Llegado a ese punto, y pese a que Perú fue el motor para abortar la venta de todo el material de Hercules a un solo comprador, la finalización de este acuerdo está padeciendo muchas más dificultades que la de Uruguay, hasta el punto que no es seguro que se pueda finalizar, si bien no por culpa de España, que ha puesto, como hemos visto, su mejor voluntad para que llegue a buen fin, hasta el punto que ha programado para noviembre el entrenamiento de las tripulaciones y la entrega de las aeronaves a ambos países, que los deberían recibir antes que acabe el año. En primer lugar, el Ministerio de Defensa peruano no ha conseguido formalizar todavía la obtención de los más de 20 millones de euros que requiere la compra de la cartera de Economía y Finanzas, algo que en el caso de Uruguay sí que ha ocurrido. Pero mayor dificultad está generando la autorización preceptiva que se requiere de Estados Unidos para ambos negocios, sin la cual no se pueden efectuar.

En el caso uruguayo estaría solamente pendiente de definir los equipos que has que desinstalar en las aeronaves, por considerarse sensibles para su entrega a terceros países, por lo que no parece que vaya a haber problemas para que en diciembre tome posesión de sus aeronaves, e incluso se ha determinado que los 22 millones que han de pagar (1 de repuestos) se haga en tres plazos, facilidad financiera que sorprendió a los propios uruguayos. La FAU dispone actualmente de 2 viejos C-130B, a los que a lo largo del tiempo se les han hecho mejoras, como es el caso de los motores, hasta el punto que vienen a ser una especie de híbrido con la versión C-130H.
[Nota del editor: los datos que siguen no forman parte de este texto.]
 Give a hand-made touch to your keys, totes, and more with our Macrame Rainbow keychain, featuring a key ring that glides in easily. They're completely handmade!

En el caso de Perú parece que hay más dificultades y que el Departamento de Estado lo está analizando con mayor cautela, por razones que se desconocen, pero que podrían estar derivados de las limitaciones a la entrega de equipos de esa procedencia como represalia por la legislación que permite derribos de aeronaves, orientada principalmente a los vuelos de presuntos narcotraficantes, a la que Washington siempre se ha opuesto. De una forma u otra, e Ministerio de Defensa español, que es el que se ha encargado de tramitar el permiso correspondiente, reconoce a puertas cerradas que la venta de los Hercules de segunda mano a Perú tiene más complicaciones de las previstas por culpa de la necesaria autorización estadounidense.
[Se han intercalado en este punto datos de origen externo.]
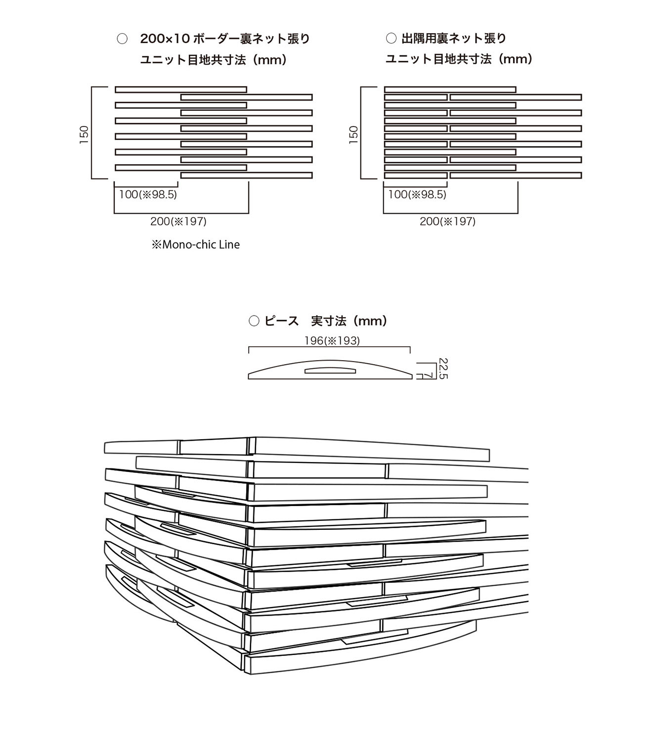 197×10×7〜22mmのタイルがネット張りしています。 |

La FAP pretende también dotarse de un cuarto Boeing 737, en este caso un convertible de carga y pasaje de las series NG (New Generation), además de 4 pequeñas aeronaves con capacidad de ambulancia, que podrían ser Beechcraft King Aie 350 o aeronaves de las mismas capacidades, para proseguir después con la adquisición de más Leonardo C-27J, que sin su punta de lanza moderna y operativa, de los que actualmente opera 4.